To stop the running of interest on the judgment, Schwartz was required to make a valid tender of payment on the debt. Vitner v. Funk, 182 Ga. App. 39, 44 (354 SE2d 666) (1987). "A valid unconditional continuous tender stops the running of interest." Corr v. Aaron Rents, Inc., 136 Ga. App. 643, 644 (222 SE2d 150) (1975); Fortson v. Strickland, 23 Ga. App. 607, 608 (99 SE 147) (1919). "It is a general rule that a tender must be certain and unconditional, and must be in full of the specific debt; and, in order to prevent the running of interest, the tender must be continuing. The fact that it may be made and refused is not sufficient to stop the running of interest. It must appear that the party making the tender has at all times been ready, willing, and able to pay the amount tendered." 1 Bank of LaFayette v. Giles, 208 Ga. 674, 680 (69 SE2d 78) (1952); Fitzgerald v. Vaughn, 189 Ga. 707, 709-710 (7 SE2d 78) (1940).

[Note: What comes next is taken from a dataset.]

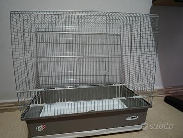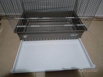 Le misure della gabbia sono 59x38x56 cm, con fondo estraibile per la pulizia. La vendo con una piccola altalena colorata, una ciotola per l'acqua e una mangiatoia e anche dei posatoi in plastica :)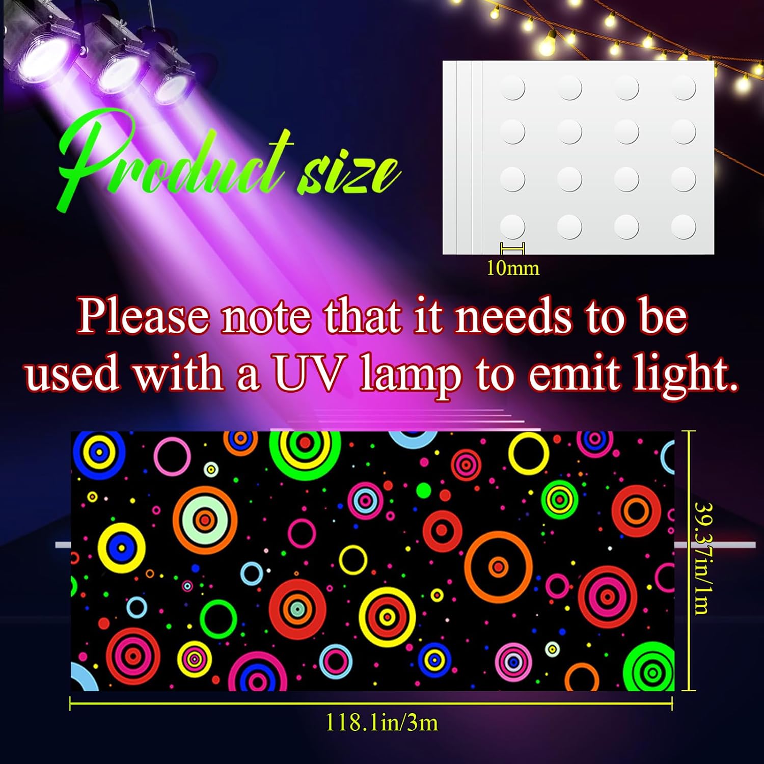 • Bright Fluorescent Color: the light up dance floor shines brightly under UV blacklight, with fluorescent orange, fluorescent red, fluorescent green, fluorescent yellow, and fluorescent blue rings staggered against each other, making it simple to draw the attention of others; Please note that it will have the effect of fluorescence, but it needs to be irradiated by purple lamp to have the effect; If it is not irradiated, it is a normal pattern

Heath correctly contends that he had a right to appeal the favorable judgment, and that interest on the judgment was not abated by the appeal. Henley v. Mabry, 125 Ga. App. 293 (187 SE2d 309) (1972). He also correctly asserts that acceptance of full payment on the judgment would constitute a waiver of his right to have it reviewed on appeal. J & F Car Care Service v. Russell Corp., 166 Ga. App. 888 (305 SE2d 504) (1983). Based on these principles, Heath concludes that Schwartz failed to make an unconditional tender in that acceptance of the money was conditioned on a waiver of his right to appellate review of the judgment. The only legal conditions which may be attached to a valid tender are either a receipt for full payment or a surrender of the obligation. Heath v. Miller, 205 Ga. 699, 701 (54 SE2d 432) (1949). We find no improper condition attached to the tender at issue. The tender was made in an amount calculated to fully satisfy the judgment, and did not lose its status as an unconditional tender simply because as a legal consequence of acceptance Heath would have no longer been entitled to appeal the judgment. Compare Adcock v. Sutton, 224 Ga. 505, 507-508 (162 SE2d 732) (1968) (tender made as "full payment," but for an amount less than the debt, attached an improper condition and failed as an unconditional tender).
We find no merit in the asserted error, nor does the record otherwise demonstrate that the trial judge erred by determining that there was a valid tender which abated the accrual of interest.
Jones, Cork & Miller, Rufus D. Sams III, Thomas W. Joyce, for appellees.
1  Although not the exclusive means of making a valid tender, payment of funds into the registry of the court in the full amount of the debt has been found to constitute a valid tender within the meaning of OCGA 13-4-24. Bank of Early L. Broun, 156 Ga. App. 445 (274 SE2d 802) (1980). Compare OCGA 9-11-67.
Reynolds & McArthur, Charles M. Cork III, for appellant.